HAZLETON — Robert Tarone said his father had a motto for the family grocery store.

“Take care of the customers, and you’ll survive,” Tarone said.

The advice sustained Tarone’s Market through its 85th anniversary, which the family store celebrated last week.

A third generation of the store’s founders hopes to continue the business at least through its 100th anniversary.

Tarone’s has always been at 16th and Alter streets where brothers Joseph and Dominic Tarone bought land and built the store that opened on March 10, 1941.

Soon after, Joseph Tarone entered the Army so Dominic Tarone and their sister, Edith Tarone, developed the business until he returned home after being in the Battle of the Bulge.

“He was the happiest person to be alive,” Robert Tarone said of his father, who gave customers food on credit without worrying too much whether they could repay him. “He was helping people.”

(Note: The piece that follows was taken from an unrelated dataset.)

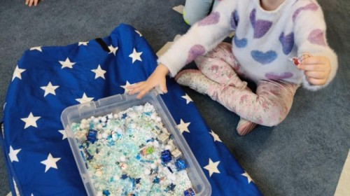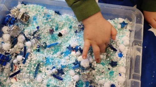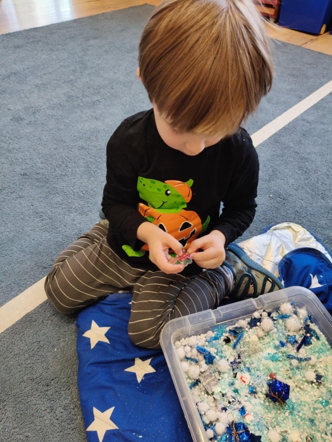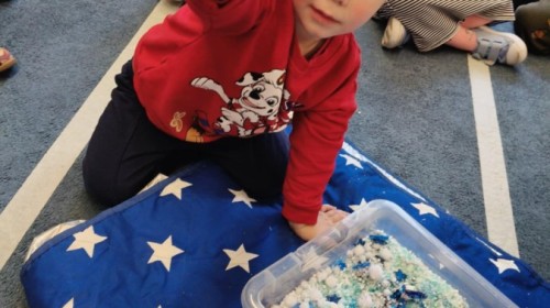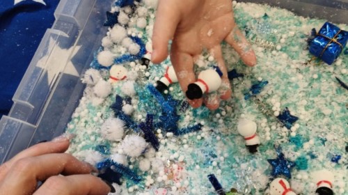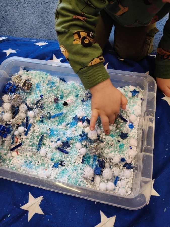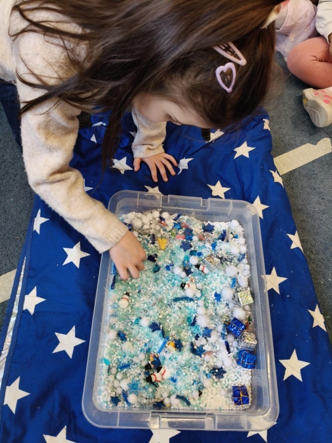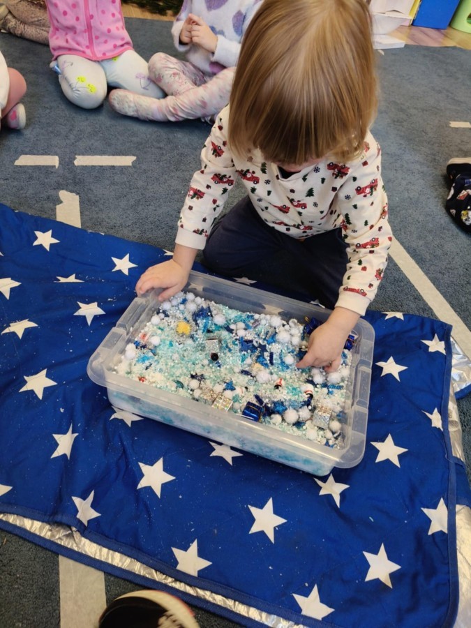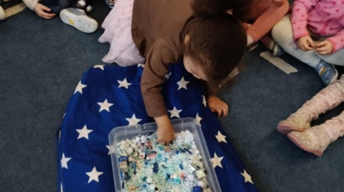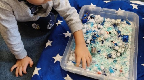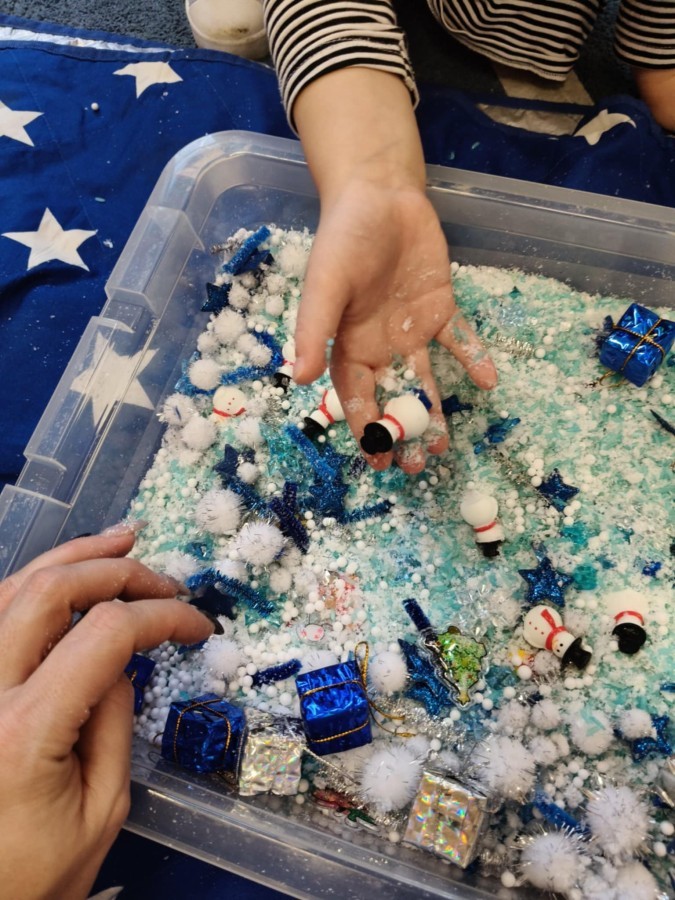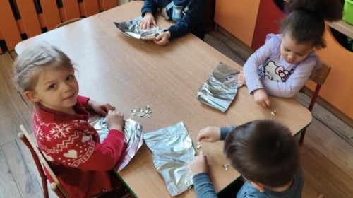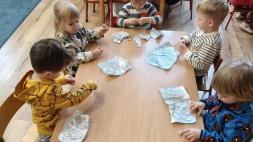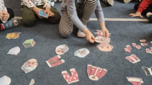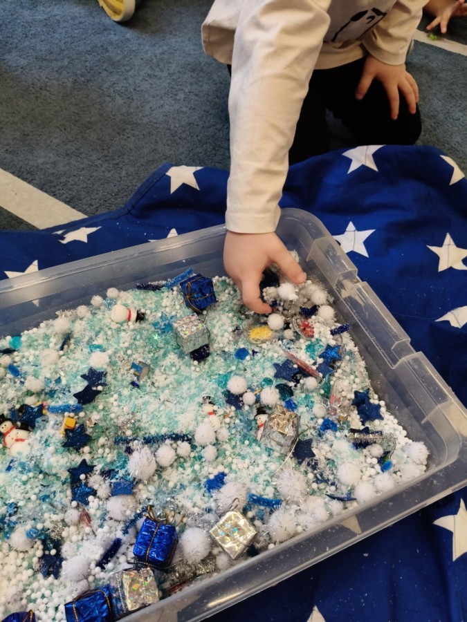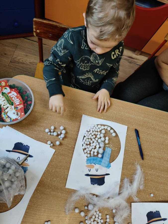 Choć za oknem bywało szaro, w naszej sali zapanowała kraina śniegu. Minione miesiące upływały nam na odkrywaniu uroków zimy. Maluszki brały udział w zabawach rytmicznych, uczyły się piosenek, były również zabawy z chustą animacyjną. Podczas zajęć dydaktycznych poznawaliśmy oznaki zimy, ćwiczyliśmy też ubieranie „na cebulkę”, dopasowując czapki, szaliki i rękawiczki do odpowiednich części ciała. Dzieci tworzyły także różne prace plastyczne rozwijając przy tym motorykę małą. To był czas pełen emocji, nowych doświadczeń i wspólnego uśmiechu. Jesteśmy dumni z naszych dzielnych maluszków, które z taką ciekawością odkrywają świat!

Robert Tarone remembers driving with his father to help a woman who called the store and said her turkey was too heavy for her to lift out of the oven. His dad retrieved the turkey, and they returned to work.

His father kept working until around Thanksgiving in 1998 when he suffered a stroke in the store. He and siblings Dominic and Edith died within months of each other in 1999.

Robert Tarone took over the market with his sisters, Cynthia Kilner and Bina Tarone.

Kilner said as a girl she stamped prices on cans and ran around the store with her cousins.

The Tarones had a large family.

Joseph and Dominic were two of 10 children born to Josephine and Louis Tarone, who mmigrated from Italy. Many of the siblings helped make sausage, stock shelves and deliver orders, especially after they retired from other jobs.

“That’s why we are where we are,” said Kilner, whose husband, Bill, also has worked in the store on and off.

“She not only married me; she hired me,” he said.

A mural above a shelf depicts Joseph and Dominic Tarone. They worked at Genetti’s Market before deciding to open their store across the street.

The Genettis didn’t mind the competition. They even gave a recipe for Tyrolean sausage that Tarone’s Market still follows.

Tarone’s Market also sells its own kielbasa, Italian sausage and pepperoni, Cynthia Kilmer said.

Leading the way to the meat counter with stuffed pork chops and steaks cut as thick as the customer desires displayed behind the glass, she pointed out cubes of meat on on wooden skewers — another store-made specialty called city chicken.

Customers fry the cubes after coating them in bread crumbs; but they’re pork and veal, not chicken.

While Robert Tarone was sweeping floors at the store by age 6 or 7, he didn’t always want to continue the family business.

After graduating from Wilkes College in 1965 with a business degree he asked about opening a sporting goods shop.

“Over my dead body,” his father told him.

Robert Tarone, who liked sports, is glad he listened to his father because he doesn’t think a sporting goods store could have survived until now against larger competitors, a problem that also the family grocery store also faces.

Tarone’s Market, nevertheless, sponsored sports teams in softball, Babe Ruth Baseball and bowling leagues.

While Robert Tarone and Donna Zola are the only full-time employees, Cynthia Kilner and Bina Tarone help out most days.

Kilner’s daughters, Nicole Rochon and Ashleigh Kilner, and Robert’s children, Taylor Sefchik and Nicholas Tarone, have other jobs but are part of the store’s crew.

On Thursday, as they mingled over cake and coffee with members of city council and Greater Hazleton Chamber of Commerce who stopped by to celebrate the anniversary, they pointed out other relatives: Rochon’s husband, Jared, who is the market’s unofficial handyman, and a cousin, Peter Lombardo, who cuts meat.

“We all work holidays,” Ashleigh Kilner said while thinking ahead to the Easter rush when customers buy hams and ingredients for pies. Then be busy through summer as customers stock up for cookouts.

And they all hope to be around in 15 years to celebrate a century at Tarone’s Market.